Boehringer Ingelheim Pays $650M to Settle Lawsuits Set for Trial

Boehringer Ingelheim, the manufacturer of Pradaxa, has agreed to pay $650 million to settle thousands of lawsuits brought in state and federal courts by patients and their families who claimed that the drug manufacturer failed to properly warn  of serious and potentially fatal bleeding from use of the drug. Considered a warfarin replacement, Pradaxa, approved in 2010 as the first in a new class of blood thinners to prevent blood clots, was touted as a convenient drug because it did not require any tests or dietary restrictions. From its initial approval in October 2010 through December 2013, there were approximately 6.2 million prescriptions dispensed and 934,000 patients who received a prescription for Pradaxa from U.S. outpatient retail pharmacies.

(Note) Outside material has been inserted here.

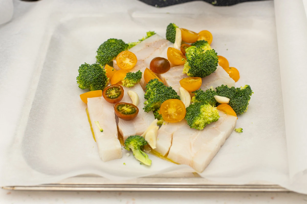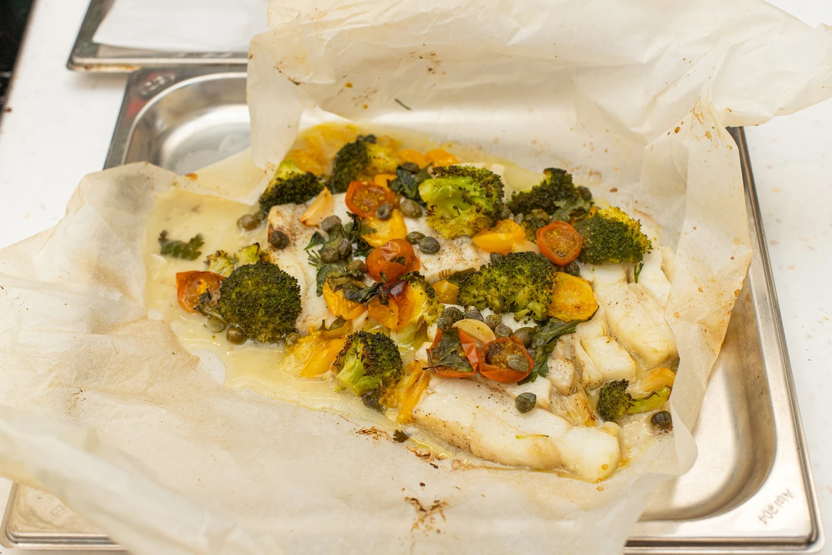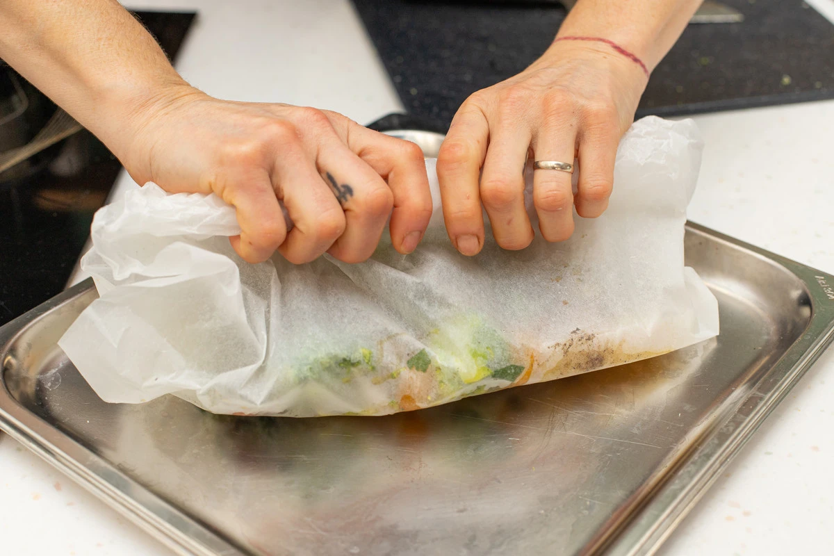 Раскройте пергамент и разложите рыбу с овощами по тарелкам.

FDA study. Earlier this month, the FDA issued a Drug Safety Communication noting that an FDA study of 134,000 Medicare patients aged 65 years or older found risks lower for clot-related strokes, bleeding in the brain, and death, but higher for gastrointestinal bleeding with Pradaxa use compared to warfarin. More importantly, the FDA noted that its study was based on a much larger and older patient population than those used in the agency’s previous review of post-market data, and employed a more sophisticated analytical method to capture and analyze the events of concern. Additionally, the FDA noted that the study’s findings, except with regard to myocardial infarction, are consistent with the clinical trial results that provided the basis for Pradaxa’s original approval.

The FDA concluded that it considered Pradaxa to have a favorable benefit to risk profile and made no changes to the current label or recommendations for use. Patients were recommended that they should not stop taking Pradaxa (or warfarin) without first talking with their health care professionals. In addition, health care professionals who prescribe Pradaxa should continue to follow the dosing recommendations in the drug label.

Settlement value. In a press release, Boehringer senior vice president and general counsel Desiree Ralls-Morrison noted that the manufacturer “stands resolutely behind Pradaxa and believed from the outset that the plaintiffs’ claims lacked merit.” However she stated that although Boehringer believed it would prevail in the litigation, that the settlement allowed the manufacturer to “avoid the distraction and uncertainty of lengthy litigation and focus on our mission of improving patients’ lives.” Boehringer expected that most, if not all, of the litigants involved in the over 4,000 pending lawsuits would accept the terms of the settlement, but noted it would continue to defend itself in court against those that did not. Boehringer pointed out that the FDA has publicly stated that Pradaxa 150 mg twice daily offers a positive benefit-risk profile and provides an important health benefit when used as directed to reduce the risk of stroke and systemic embolism in non-valvular atrial fibrillation (NVAF)patients.

Patients and their families had alleged that the company misled patients and their doctors about Pradaxa’s risks and about its advantages over warfarin. Safety concerns arose because patients using Pradaxa were presenting at emergency rooms with life-threatening bleeding. Currently, there is no effective means to stop bleeding once it begins for patients on Pradaxa.

The first case was set to go to trial in September.